Technically, though, the feds’ announcement in July described the barred owl plan as the “preferred alternative.” This week, the USFW said it gave final approval to start the owl removal project this fall.

“We can’t ignore the mounting evidence that competition from barred owls is a major factor in the northern spotted owl’s decline, along with habitat loss,” said Service Director Dan Ashe. “We are working with our partners to improve forest health and support sustainable economic opportunities for local communities, and this experimental removal will help us determine whether managing the barred owl population also helps recover the northern spotted owl.”

As we outlined in our earlier post, the opposition to the feds’ plan to kill barred owls has been strong and swift. Even proponents of the plan seem ambivalent in their support, as mentioned in a Yakima Herald-Republic story this week.

“This is not something the Fish and Wildlife Service does lightly. We don’t like the idea of going out and having to kill this beautiful bird,” said (Robin Bown, a wildlife biologist with Fish and Wildlife based in Portland).. “But we don’t like the idea of the spotted owl going extinct, either. We’re between a rock and a hard place.”

Marina Skumanich, executive director of the Seattle Audubon Society, said that the group is open to removal research if done with a humane and scientific protocol, but they don’t want to see barred owl removal become the primary management tool.

“We neither support nor oppose it, but as a general rule, we don’t want people to get distracted by this approach to management,” said Skumanich. “We think the focus should continue to be on habitat conservation.”

In an earlier iteration of the plan, federal forestland on the Olympic Peninsula was under consideration, but the USFW decided it wasn’t feasible because there weren’t enough forest roads, according to a story this week in the Peninsula Daily News. The Kittitas County site was chosen instead.

Even weeks after the feds’ announcement in July, opposition to the barred owl plan was still coming in. Idaho Gov. Butch Otter, in a recent op-ed in the Idaho Statesman, said the federal government is trying to intervene to protect a species that is clearly weaker than the larger, more aggressive barred owl.
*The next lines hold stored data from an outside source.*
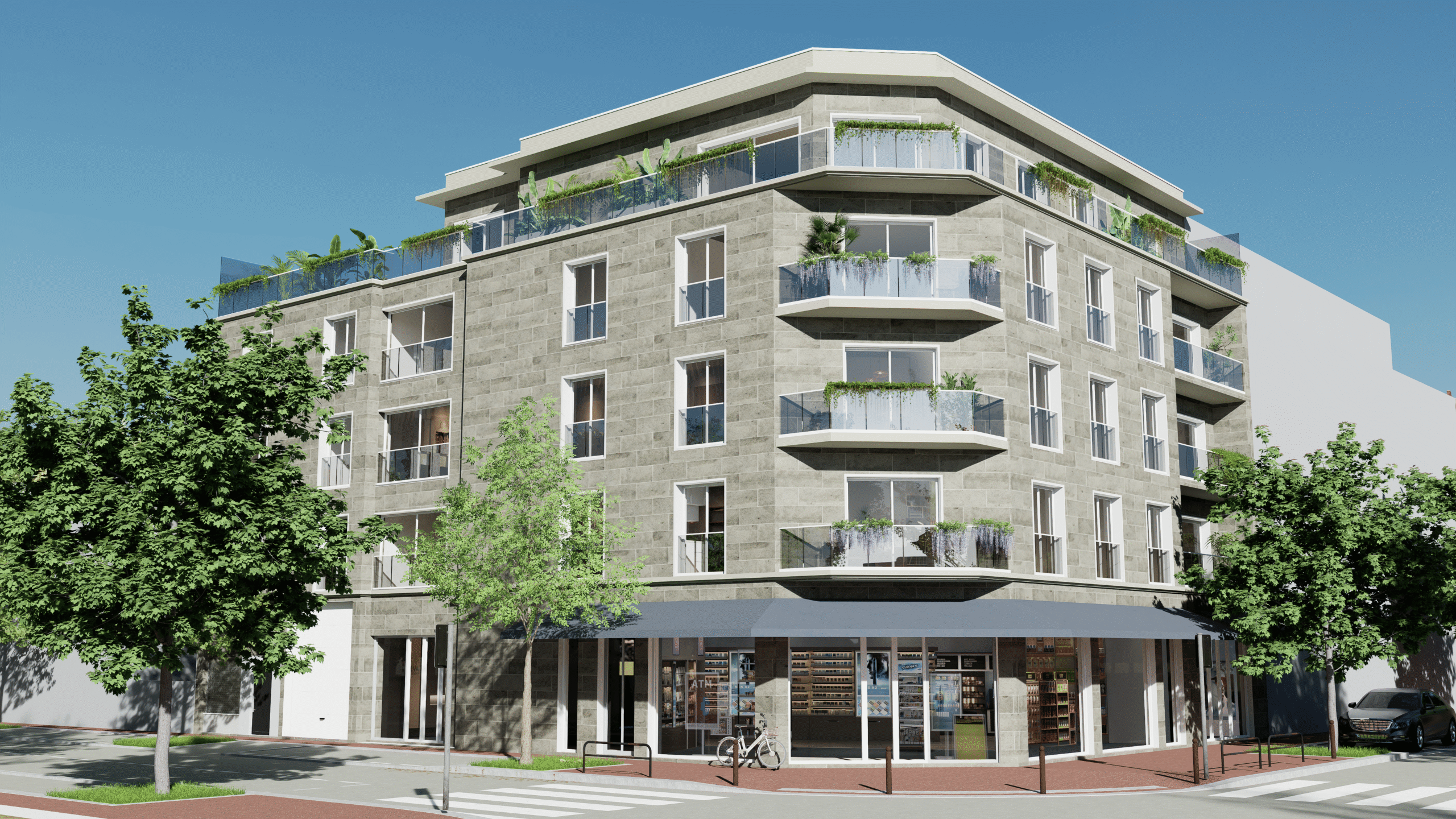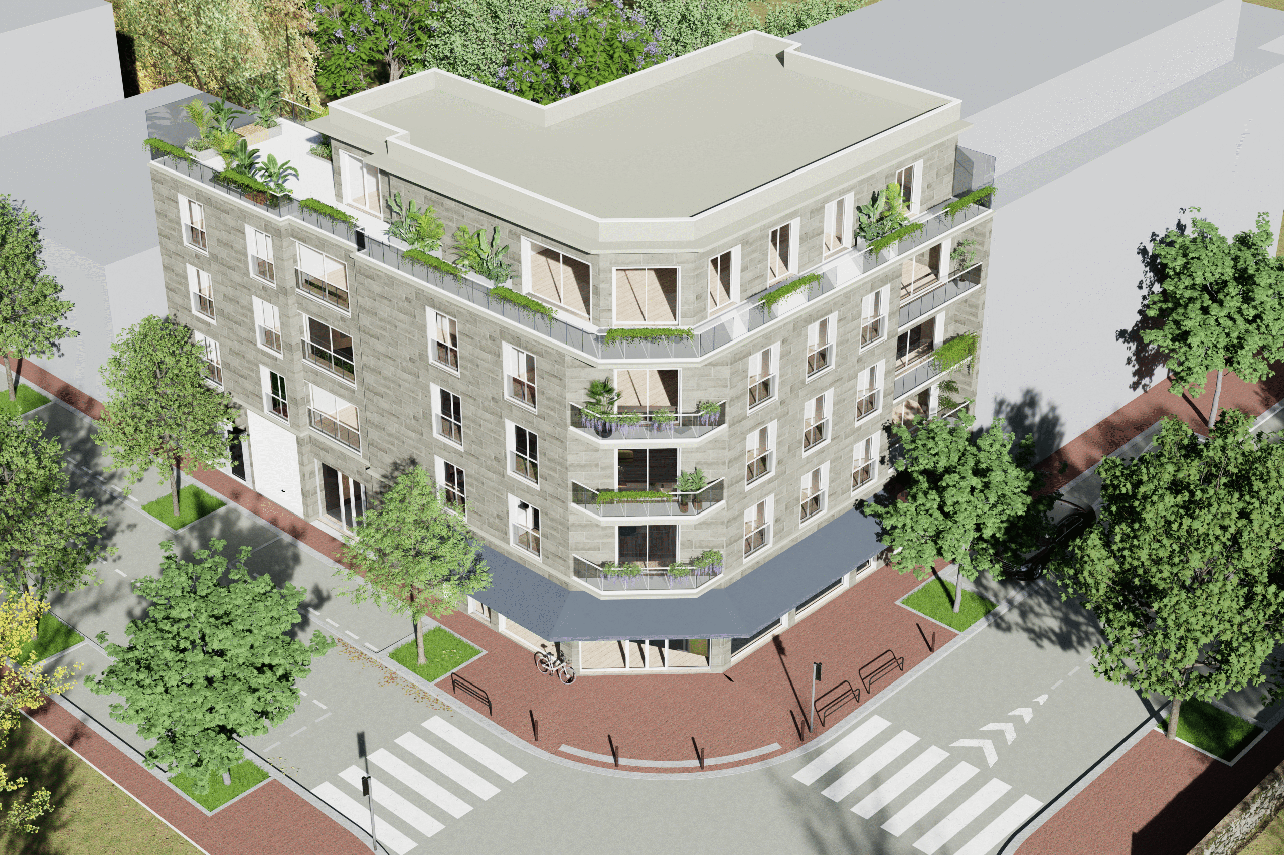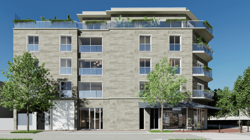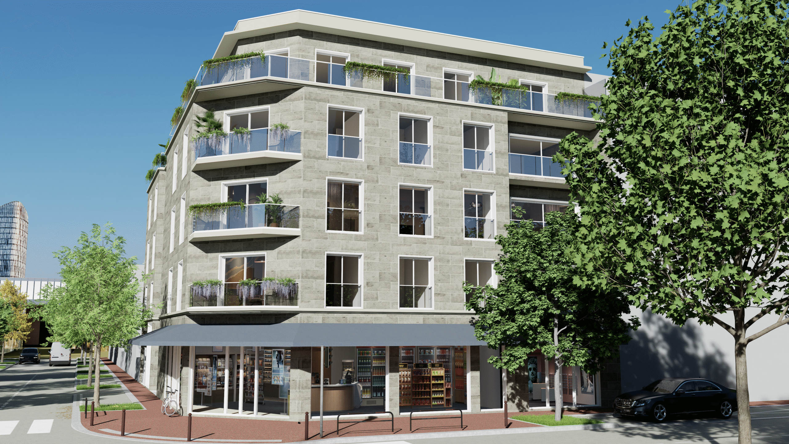 VILA QUANTICA vous propose une résidence de standing sur 6 niveaux, composée de 10 appartements et de 3 locaux commerciaux, avec parkings en sous-sol.
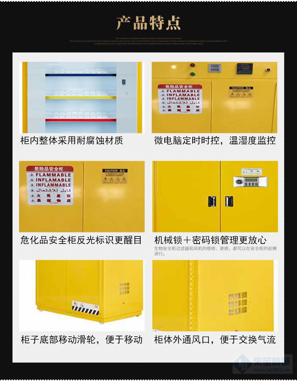 2、易燃品毒害品儲(chǔ)存柜體內(nèi)膽(上,下、左、右內(nèi)襯板)全部采用實(shí)芯理化板或pp(聚丙烯樹脂)板;
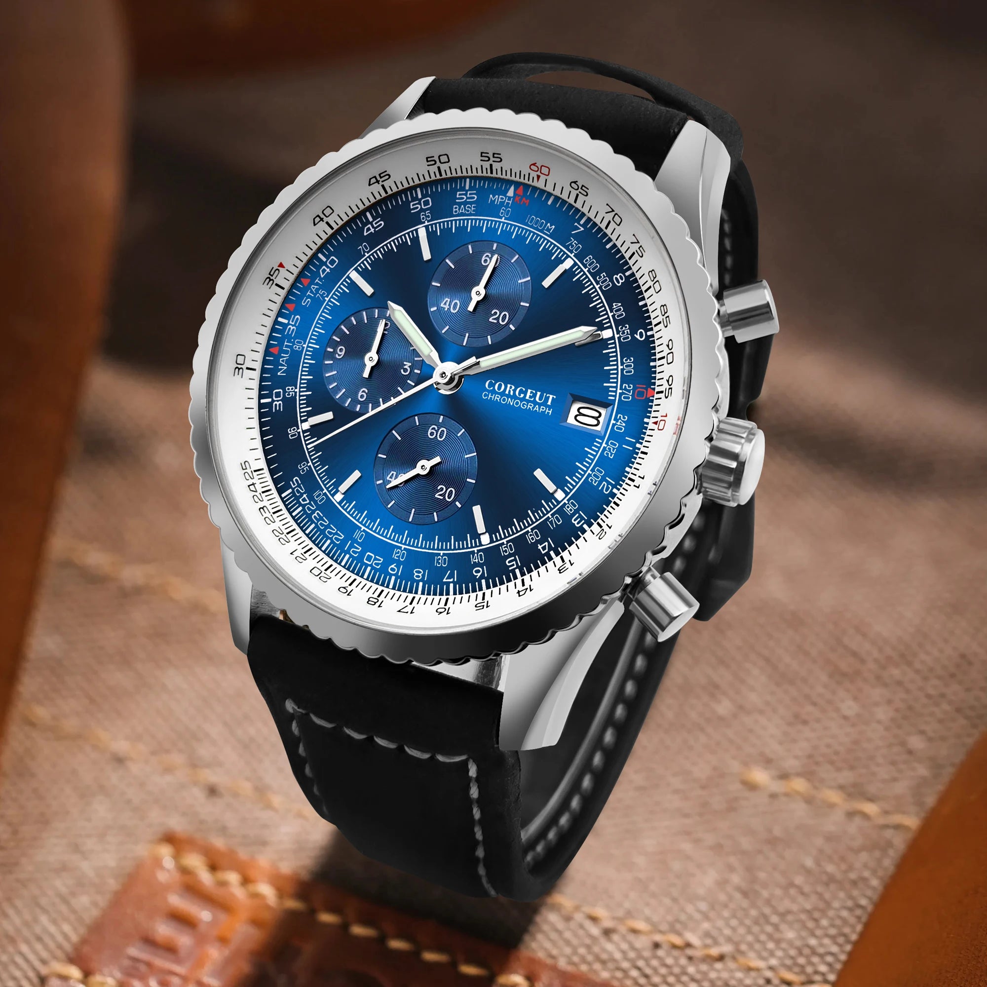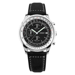 Presenting the Corgeut 9001 Air Chronograph – a robust and functional timepiece built for precision. Featuring a polished 46mm 316L stainless steel case and a reliable VK67 meca-quartz movement, it offers smooth chronograph operation. The screw-lock crown ensures security, while luminous hands provide excellent low-light visibility. Complete with a comfortable leather strap and impressive 10ATM water resistance, this watch is ready for any adventure.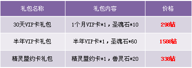 1. 礼包仅在VIP商城出售;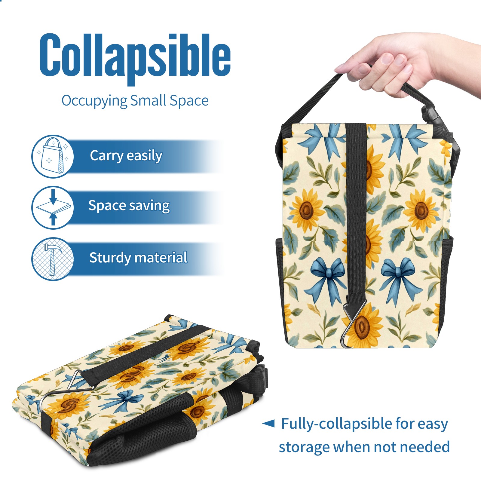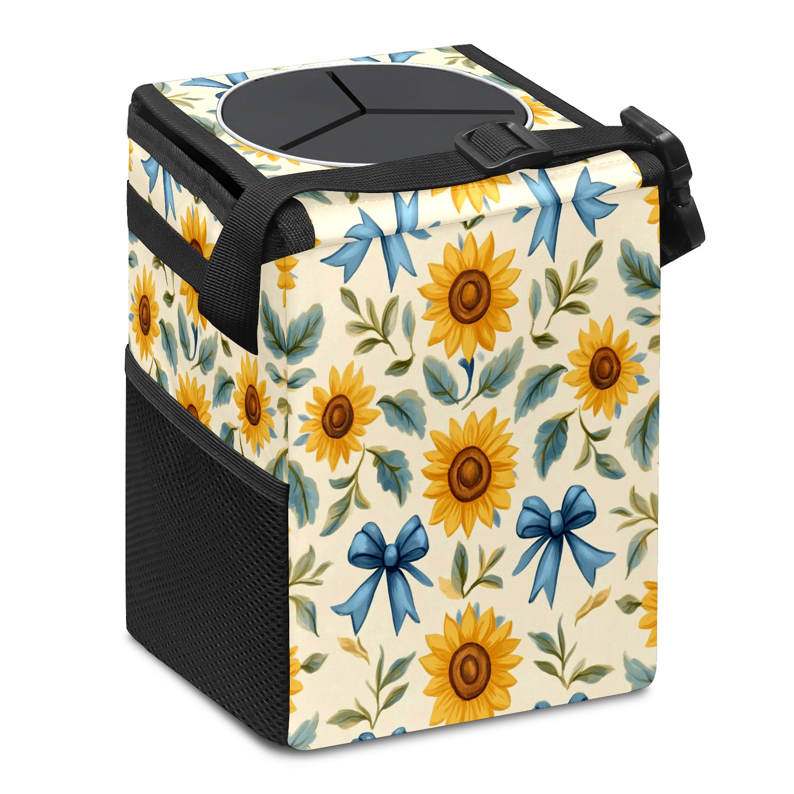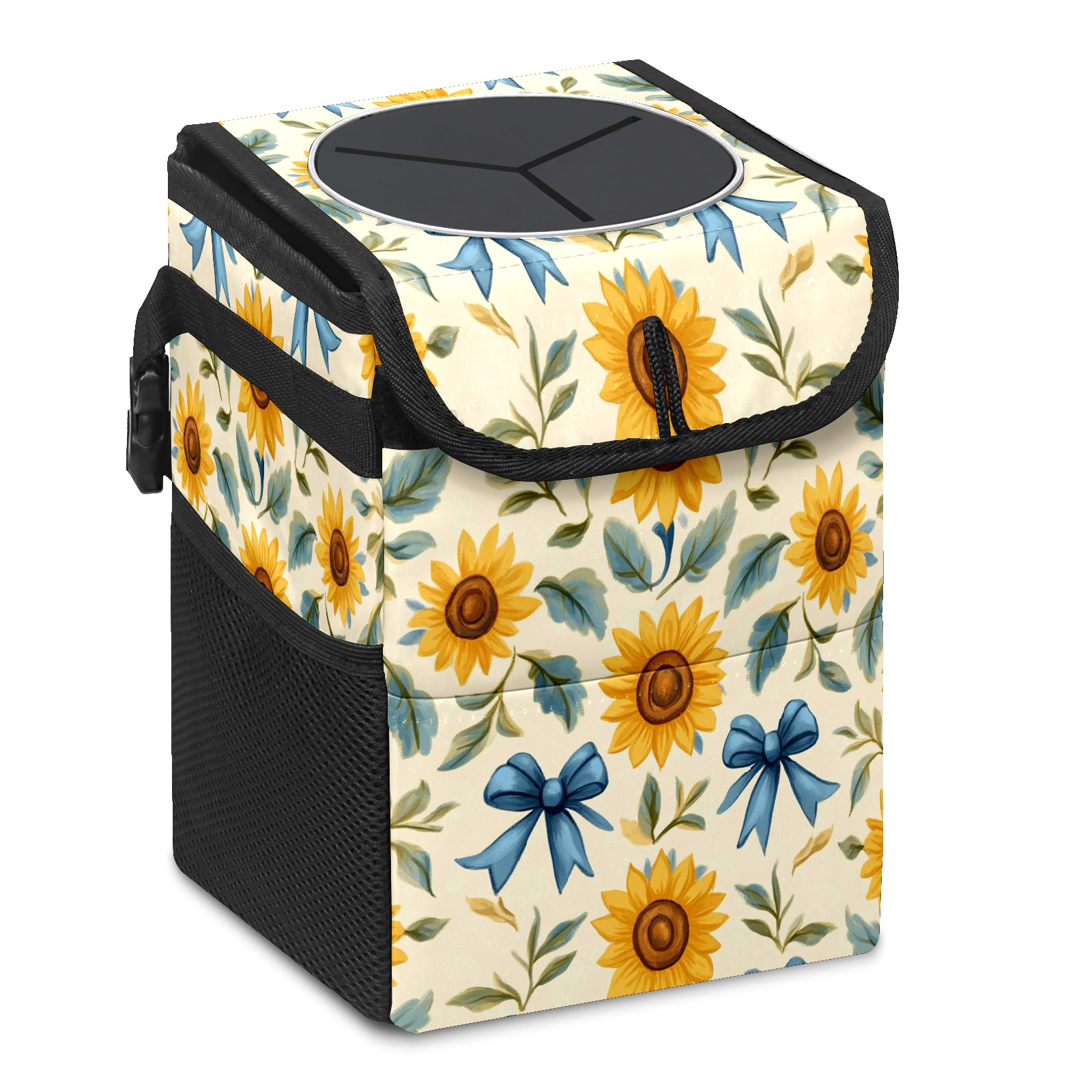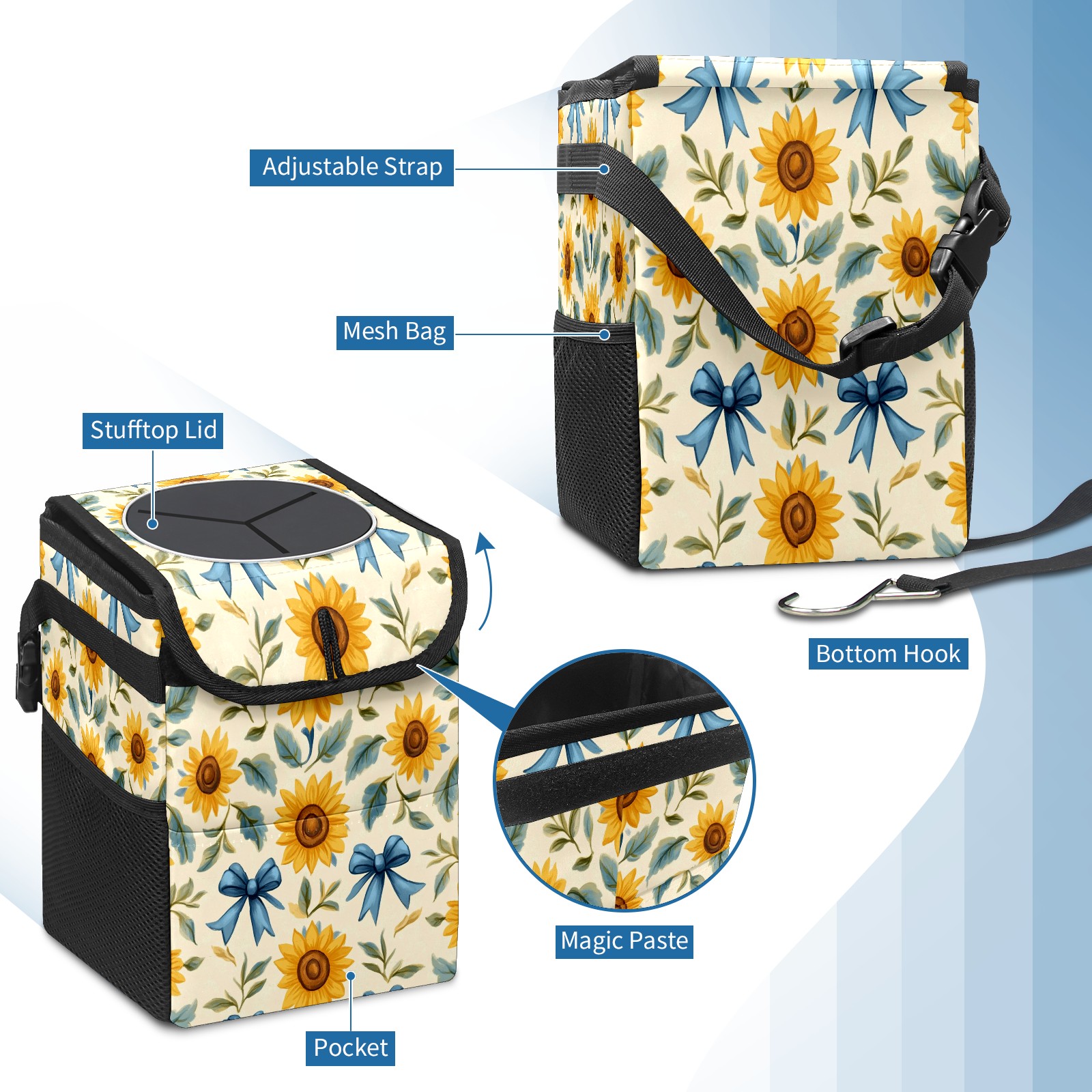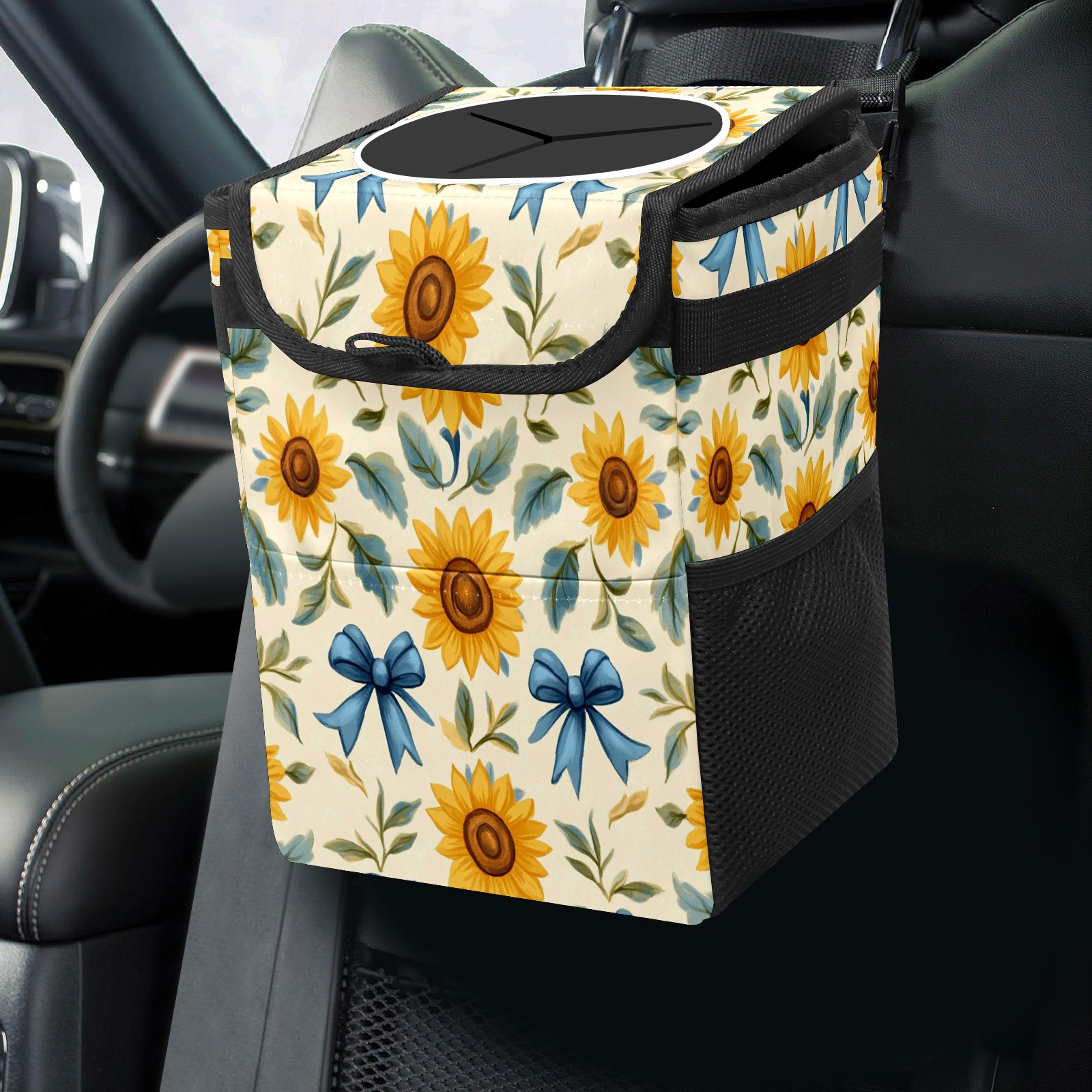 Car Trash Can with Lid, Small Portable Hanging Automotive Garbage Bin for Vehicles, Leakproof Waste Bag Container for SUV Truck Van Interior Auto Travel Road Trips(Blue Bows And Sunflowers)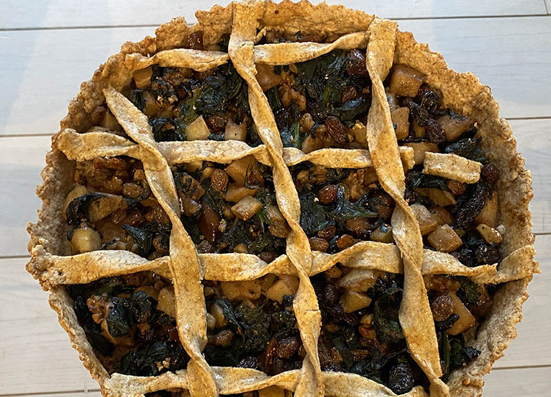 A herb tart which included raisins, currants, figs, walnuts and many spices along with spinach and parnsips….

Back in 1994, when the Northwest Forest Plan was launched to protect about 20 million acres of federal land from logging in defense of spotted owls, we all were assured that habitat was the key to their survival. We were told that abandoning an economy and a culture that had supported generations of people would pay off with the salvation of an “indicator species” and, by extension, a unique and irreplaceable ecosystem.

It sounded a lot like what’s by now become shop-worn shorthand for the insanity of war: “It became necessary to destroy the town to save it.”

As it turned out, that federally protected old-growth habitat did nothing for the spotted owl population, which has continued to decline. That’s a lot more than unfortunate for the timber towns and the families who used to live there. But now the Fish and Wildlife Service has identified the real culprit, and has it in its sights.

…Like most federal programs, it figures to be LOPSOD — long on promises, short on delivery. But if it winds up working better than shutting down our forests did, which is a very low bar to clear, should we then start saving a place on the endangered species list for barred owls next?